Dr. Mark Siegler has practiced and taught internal medicine for more than 50 years.

After graduating from Princeton University in 1963, he received his medical degree in 1967 from the University of Chicago. He was intern, resident, and chief resident in medicine at the University of Chicago, followed by a year of advanced training at the Hammersmith-Royal Postgraduate Hospital in London. In 1972, he joined the University of Chicago faculty, organizing and directing one of the early medical intensive care units. This experience with critically ill patients introduced him to a range of ethical problems that he continues to investigate, teach, and write about to the present time.

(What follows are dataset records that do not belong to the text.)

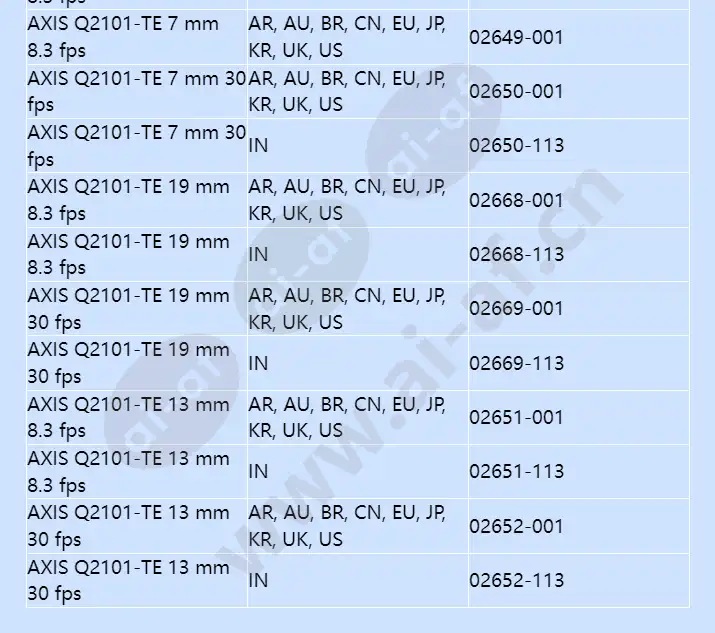 AXIS Q2101-TE Thermal Camera 02649-001 02650-001 02668-001 02669-001 02651-001 02652-001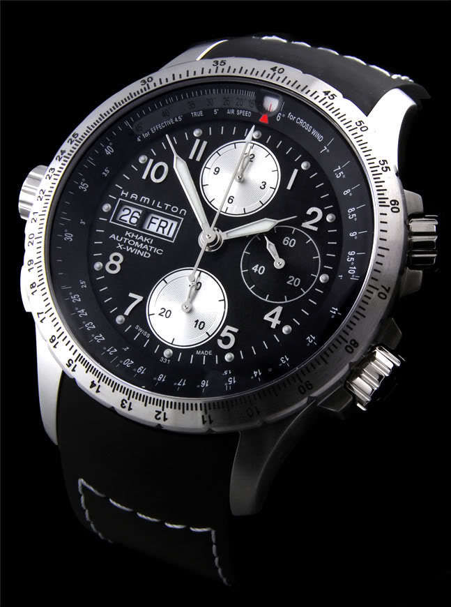 Одна из топовых моделей Hamilton. В представлении, пожалуй, не нуждаются, неоднократно мелькали на руке героев как зарубежного, так и российского кинематографа. Даже здесь, на форуме, им посвящена не одна тема. Внутри сверхнадежный Valjoux 7750 с усложнениями (пять кнопок вместо обычных трех). Первые в мире часы с устройством для точного расчета угла сноса, которое позволяет пилотам учитывать во время полета боковой ветер (в жизни пригодится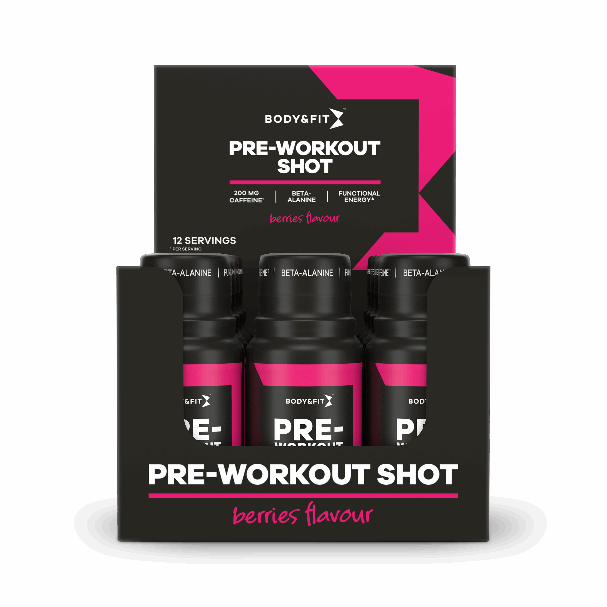 Kant en klare Pre-Workout shot van Body & Fit! Op zoek naar een nieuwe Pre-Workout shot? Wij hebben ‘m voor je! De Pre-Workout shot van Body & Fit bevat alleen zorgvuldig geselecteerde ingredienten. Met deze shot krijg je meteen 200mg cafeïne, evenals de lichaamseigen aminozuur beta-alanine binnen. Daarnaast bevat deze pre-workout vitamine B6, wat een bijdrage levert aan de energievoorziening in spieren tijdens een training. Deze shot kan zowel voor een krachttraining als voor een duursporttraining gedronken worden. Zin om te knallen tijdens je volgende workout? Drink voor je training één shot en dan ben je er helemaal klaar voor! En goed nieuws: deze pre-workout is volledig suikervrij. Cafeïne verbetert de fysieke en mentale prestaties Cafeïne is een van de meest populaire pre-workout ingredienten, omdat het helpt de concentratie en focus te verbeteren*. Met wel 200mg cafeïne per shot is dit een fijne shot om te gebruiken voor jouw workout. *Claim in afwachting van Europese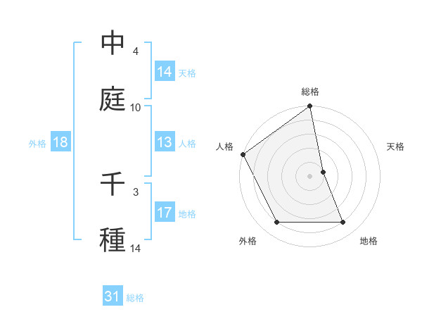 中庭 千種さんの総格は31画の5点!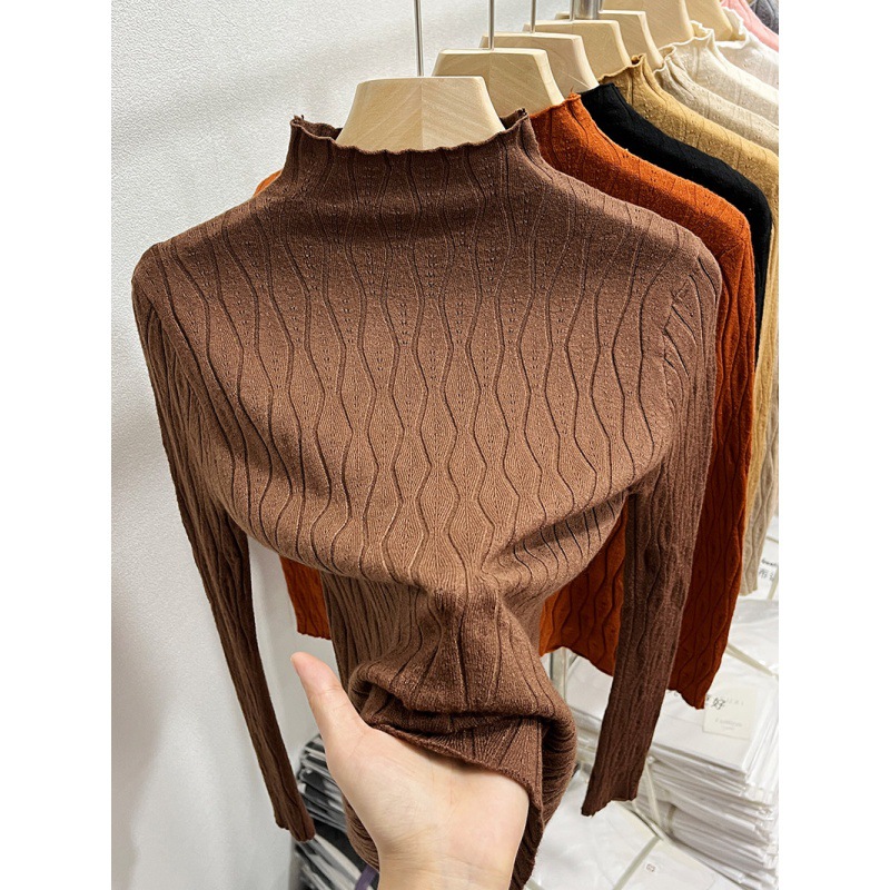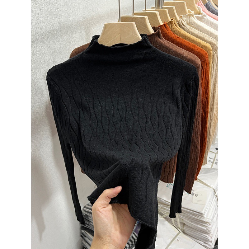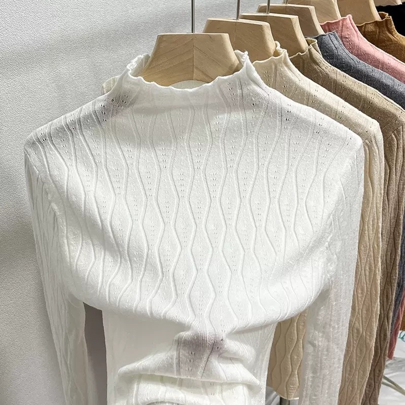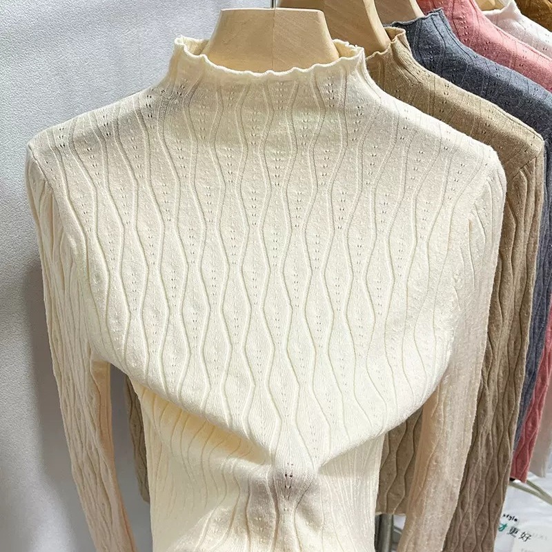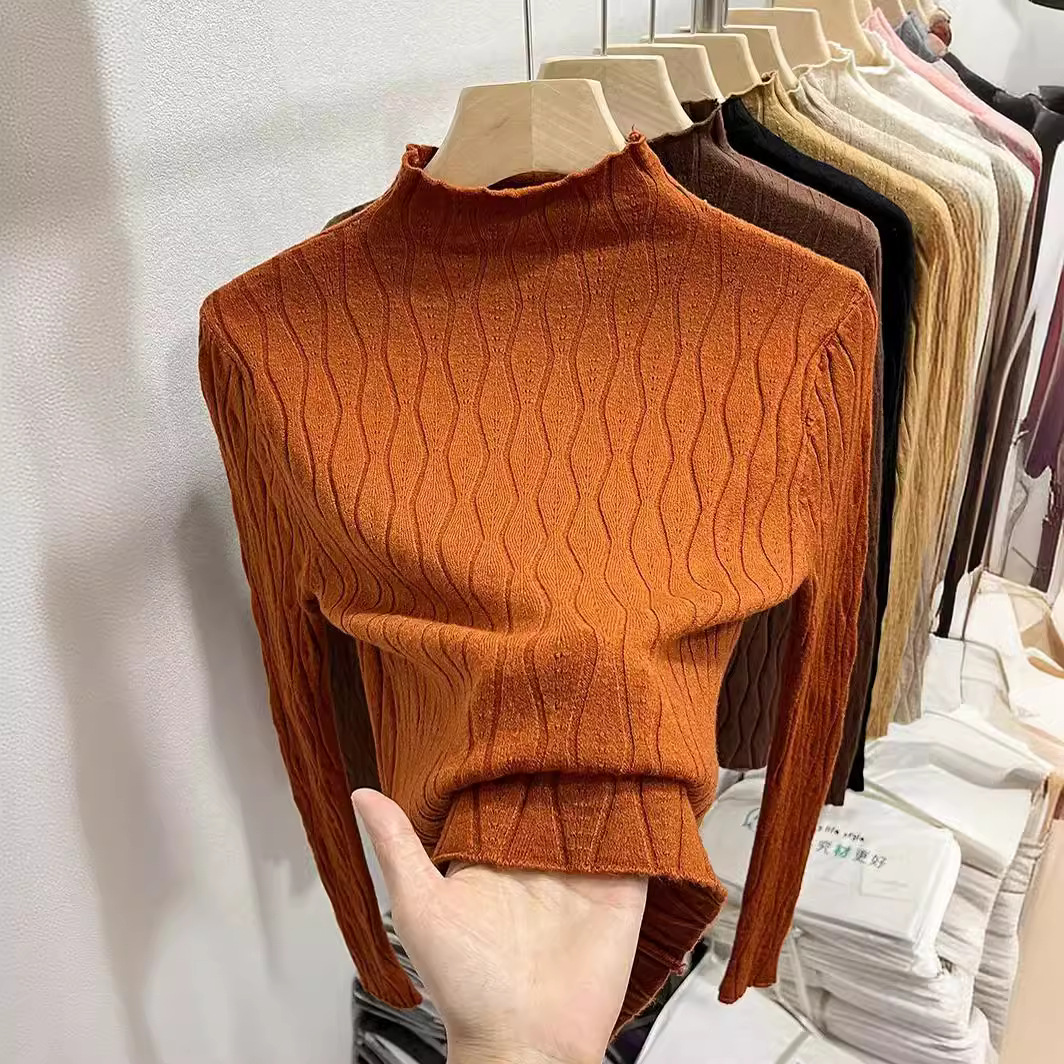 Женский осенне-зимний стильный трикотажный топ с полувысоким воротником, новинка осени 2025 года, модный внутренний свитер для женщин.

In 1984, the University of Chicago established the MacLean Center for Clinical Medical Ethics, the first program in the nation devoted to studying “practical everyday issues in medicine.” In its first decade, the MacLean Center was chosen by U.S. News and World Report for three consecutive years as the leading medical ethics program in the country. Since then, the MacLean Center, under Siegler’s direction, has become the largest program in clinical ethics in the world, a program that now has an endowment of more than $20 million and includes five endowed university chairs in clinical ethics.

More than 280 physicians and other health professionals have trained at the MacLean Center, many of whom now direct ethics programs in the U.S., Canada and Europe.

Dr. Siegler has published more than 200 journal articles, 50 book chapters and five books. His textbook, co-authored with Al Jonsen and William Winslade, “Clinical Ethics: A Practical Approach to Ethical Decisions in Clinical Medicine,” 7th Edition (2010), has been translated into eight languages and is widely used by physicians and health professionals around the world.

Dr. Siegler’s research interests include the ethics of surgical innovation, living donor organ transplantation, end-of-life care, ethics consultation, and decision-making within the doctor-patient relationship. Siegler’s seminal 1981 paper, “Searching for Moral Certainty in Medicine: A Proposal for a New Model of the Doctor Patient Encounter,” was cited repeatedly by the President’s Commission in their 1983 report, “Making Health Care Decisions,” as the basis for recommending a shared decision-making approach for doctors and patients, an approach that has since become the standard model for the doctor-patient relationship in the U.S.

Dr. Siegler is a fellow of the Hastings Center, an elected member of the Association of American Physicians (AAP), and he recently completed serving on the board of trustees of Princeton University. For six years, Dr. Siegler served as chair of the ethics committee of the NIH-sponsored Immune Tolerance Network and has also served on the Ethics Committee of the American College of Physicians. He has been on the ethics committee of the American College of Surgeons for the past 18 years.